Disease: Sleepwalking

    Sleepwalking facts

    • Sleepwalking is not a serious disorder, although children can be injured by objects during sleepwalking.
    • Although disruptive and frightening for parents in the short-term, sleepwalking is not associated with long-term complications.
    • Prolonged disturbed sleep may be associated with school and behavioral issues.
    • The outlook for resolution of the disorder is excellent.

    What is sleepwalking?

    Sleepwalking is a disorder characterized by walking or other activities while seemingly still asleep.

    What are the causes, incidence, and risk factors of sleepwalking?
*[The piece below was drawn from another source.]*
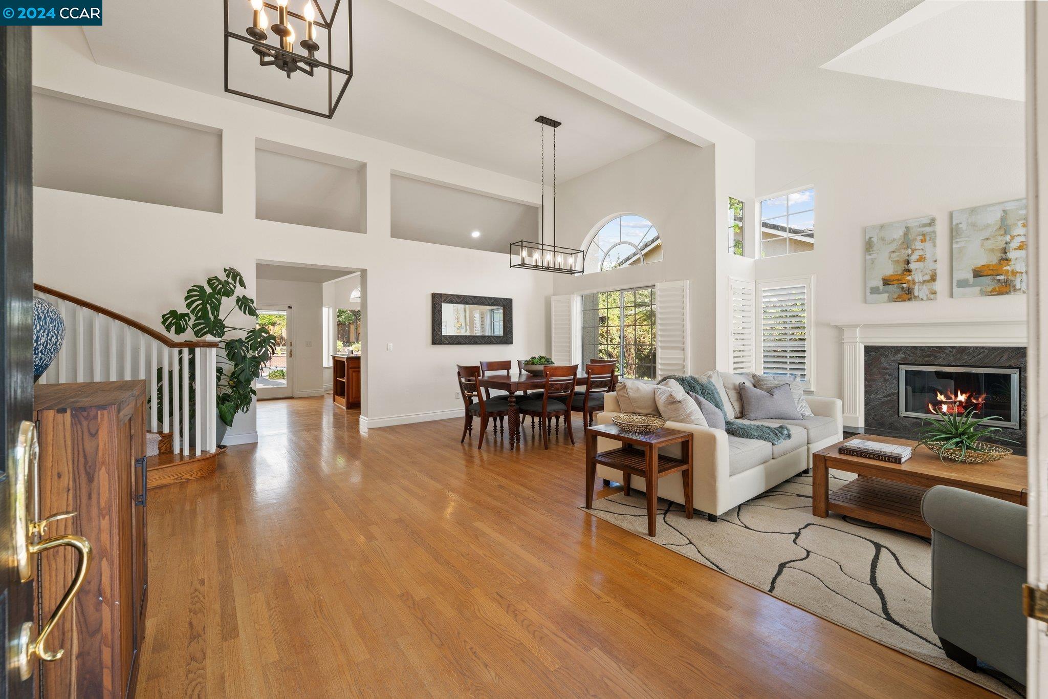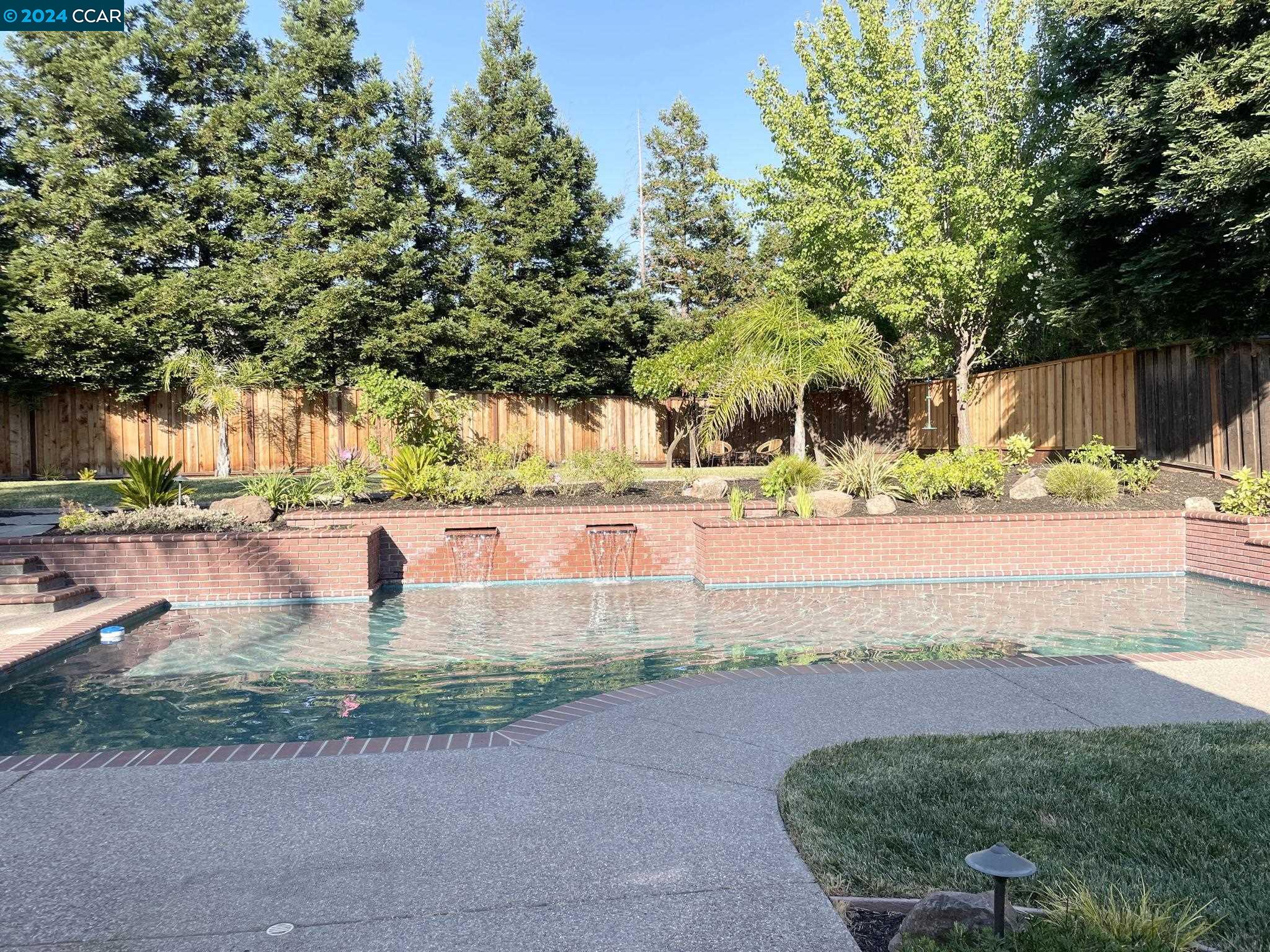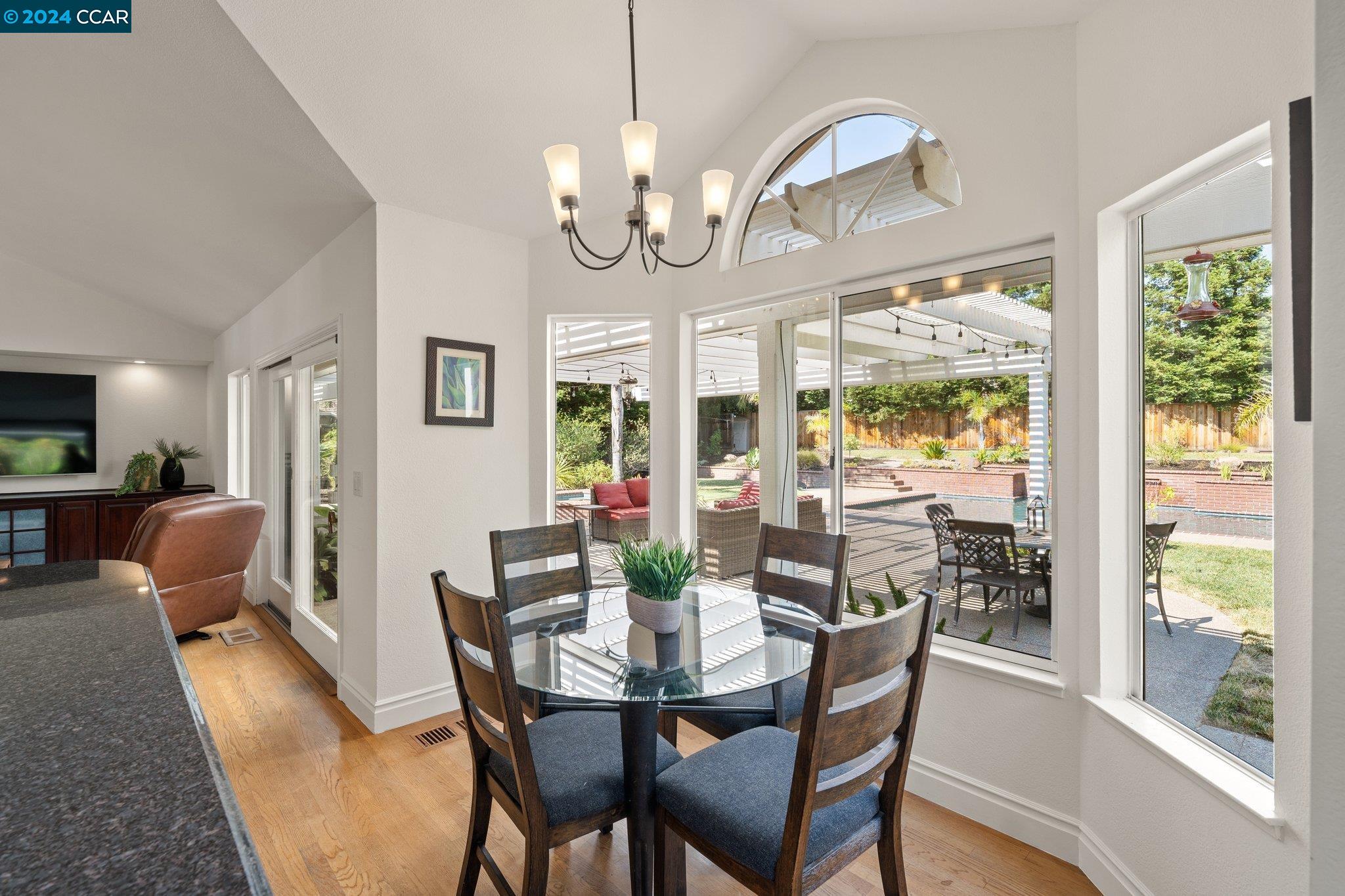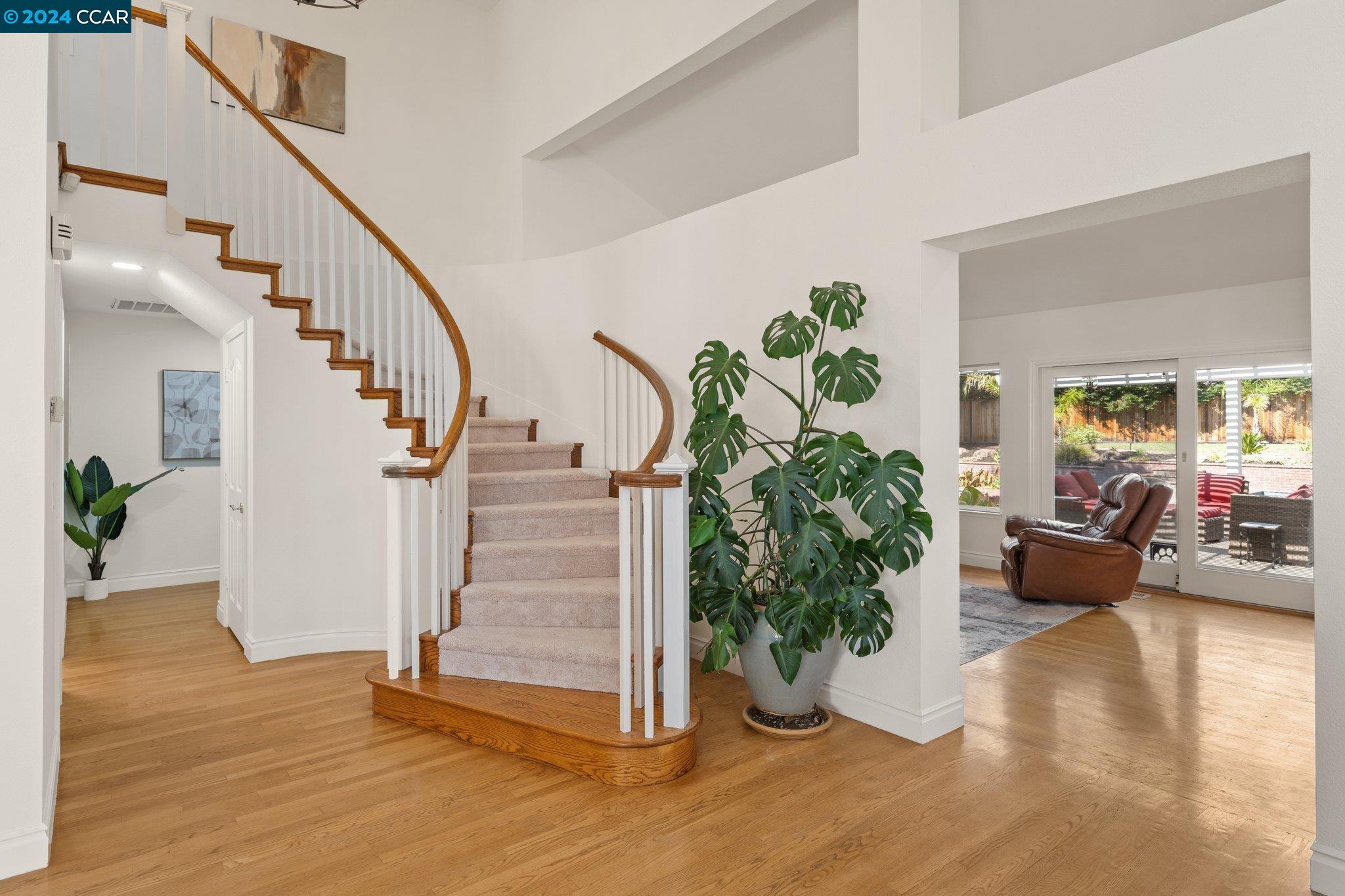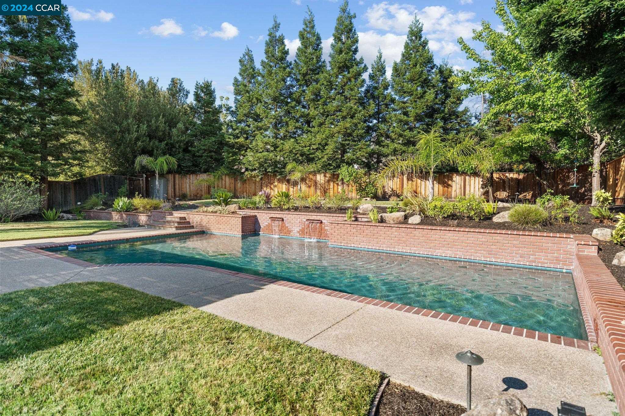 Welcome to this exceptional 4-bedroom, 2.5-bath home on a generous .35-acre lot. Nestled in a serene, private setting, this unique property offers the perfect blend of luxury and comfort. Step inside and be greeted by vaulted ceilings. The combined living & dining rooms allow plenty of space for special occasions, while the heart of the home is an open-concept living area that seamlessly connects the gourmet kitchen and family room, flowing easily to the backyard. Even everyday meals become a chef's delight in the gourmet kitchen with ample counter space, storage, a gas range, and stainless-steel appliances. The main floor features a primary bedroom with ensuite bath, providing the ultimate in privacy or functionality for multi-generational living. French doors in the primary bedroom transition perfectly to the expansive backyard. Step outside to a private oasis, where a sparkling pool and spa await. The expansive, flat lot offers endless possibilities for outdoor activities and entertaining. Stroll up the grand, curved staircase to the second floor and find three large bedrooms and another full bathroom. These rooms are light and bright, yet close the shutters and it is sure to be a cozy way to end the day. Don't miss this perfect blend of luxury, comfort, and convenience!

    Sleepwalking has been described in medical literature dating before Hippocrates (460 BC-370 BC). In Shakespeare's tragic play, Macbeth, Lady Macbeth's famous sleepwalking scene ("out, damned spot") is ascribed to her guilt and resulting insanity as a consequence of her involvement in the murder of her father-in-law.

    Sleepwalking is characterized by a complex behavior (walking) occurring while asleep. Occasionally nonsensical talking may occur. The person's eyes are commonly open, but have a characteristic glassy "look right through you" character. This activity most commonly occurs during middle childhood and young adolescence. Approximately 15% of children between 4-12 years of age will experience sleepwalking. Generally sleepwalking behaviors wane by late adolescence. However, approximately 10% of all sleepwalkers begin their behavior as teens. It appears that persons with certain inherited genes have an increased tendency toward developing sleepwalking behaviors.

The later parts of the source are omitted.